It’s the end of the week, and a lot of my projects are starting to come to a close. I also found some closure this week, and was at peace today after a long time.
This weekend will be as fun as the new normal can be, with virtual and socially distanced gatherings with loved ones. I’m excited for it, and finally found some energy again.
A chat with a friend today spurred the idea for a song that could become really beautiful if I focus on the correct notes and moments. The subject of our conversation was a rather heavy one regarding human psychology, and left me questioning the future of my own nature. Because of a perpetual need in me to explore everything through art, an idea for a song emerged and with it, a sense of optimism for all things human.
Every time I get into the production for the video, or am in the studio recording or composing I escape to these incredible realms. Tuesday night’s shoot felt magical, and I was so happy and energized after.
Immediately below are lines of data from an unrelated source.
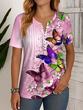 More information about Women's T Shirt Ombre Floral Graphic Vintage Stylish Classic Short Sleeve Round Neck Regular Tops Daily Weekend Beach Wear Smocked Buttons Print Red Purple Green Summer Spring
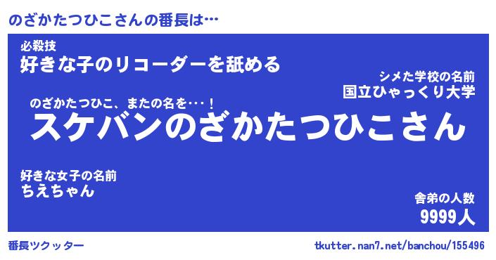| 男性向けラノベタイトル風あだ名 | 『ノザカタツヒコアートオンライン』 |
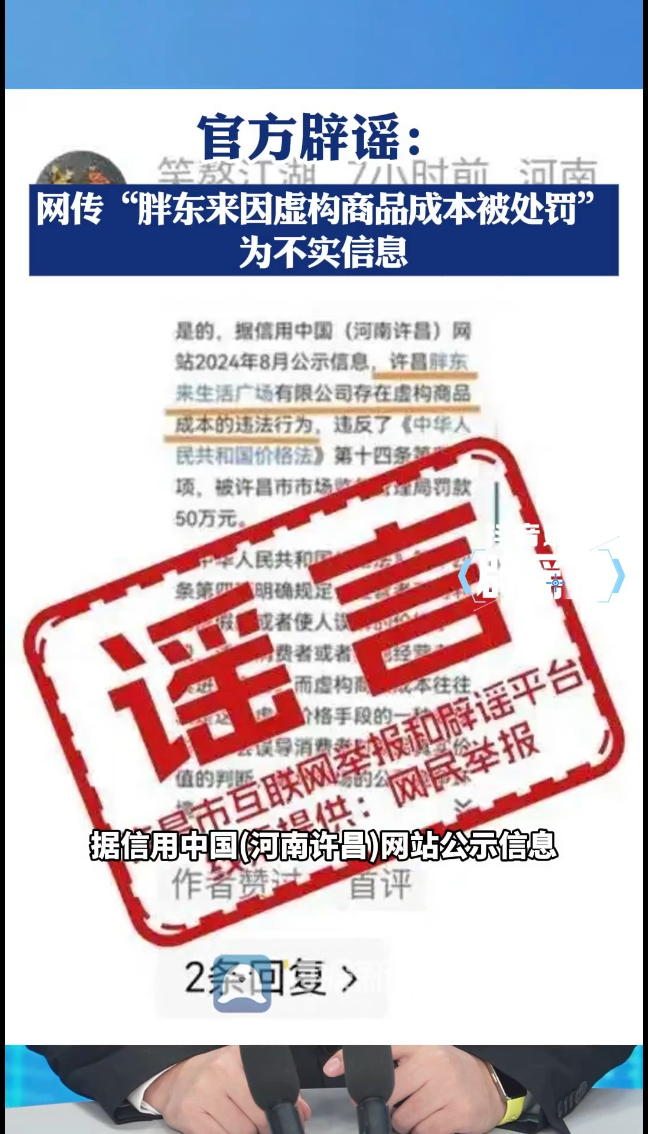 主播说丨官方辟谣:网传“胖东来因虚构商品成本被处罚”为不实信息
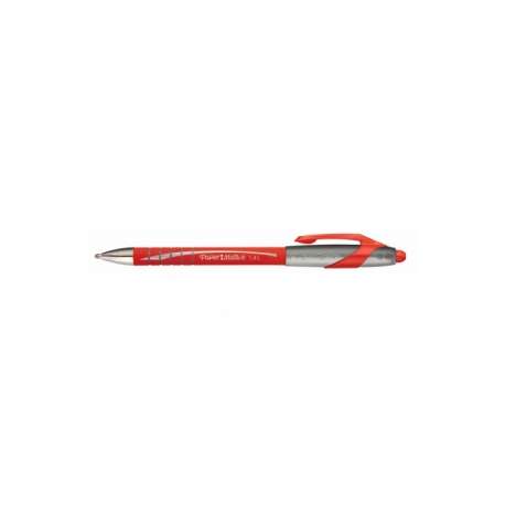 Penna a sfera a scatto monouso con clip. Fusto gommato. Punta L 1,4 mm.
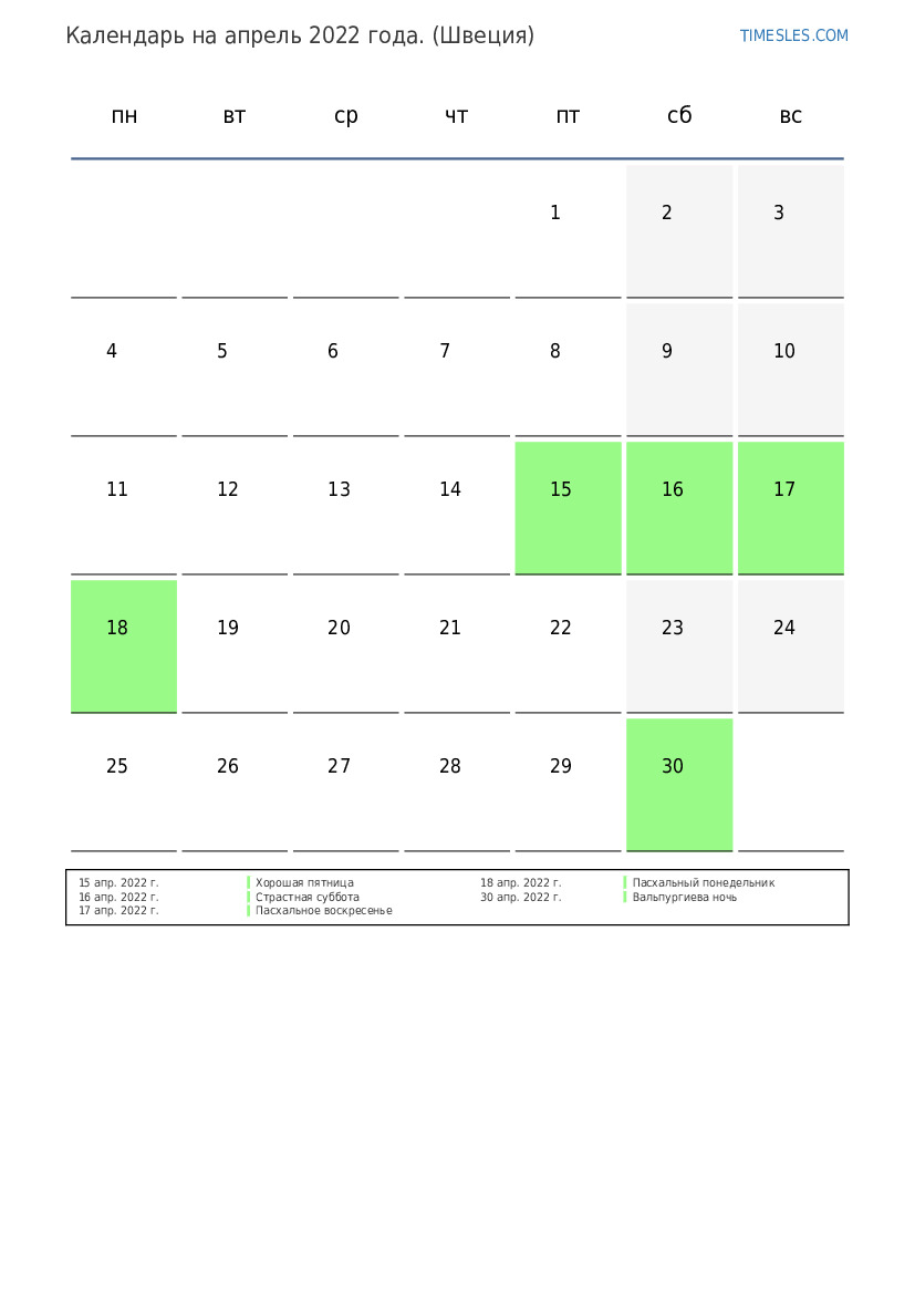 Календарь праздников и выходных дней на апрель 2022 года для Швеции
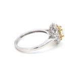 Fancy Yellow Cushion diamond ring with the center stone of 0.65ct

I felt the same rush today, when I was working on the chord charts for Porcelain Doll before my voice lesson so I could go over the theory with my teacher. In one part of the song, I hit an A flat major chord, then a D flat major, and that progression is triumphant in what it declares. I felt like life was perfect, and I could repeat that moment over and over again; I never wanted it to stop. I felt powerful in what I was trying to express, and felt confident that I was capable of unconditional love and forgiveness. I felt at peace, even as I was feeling a rush of energy.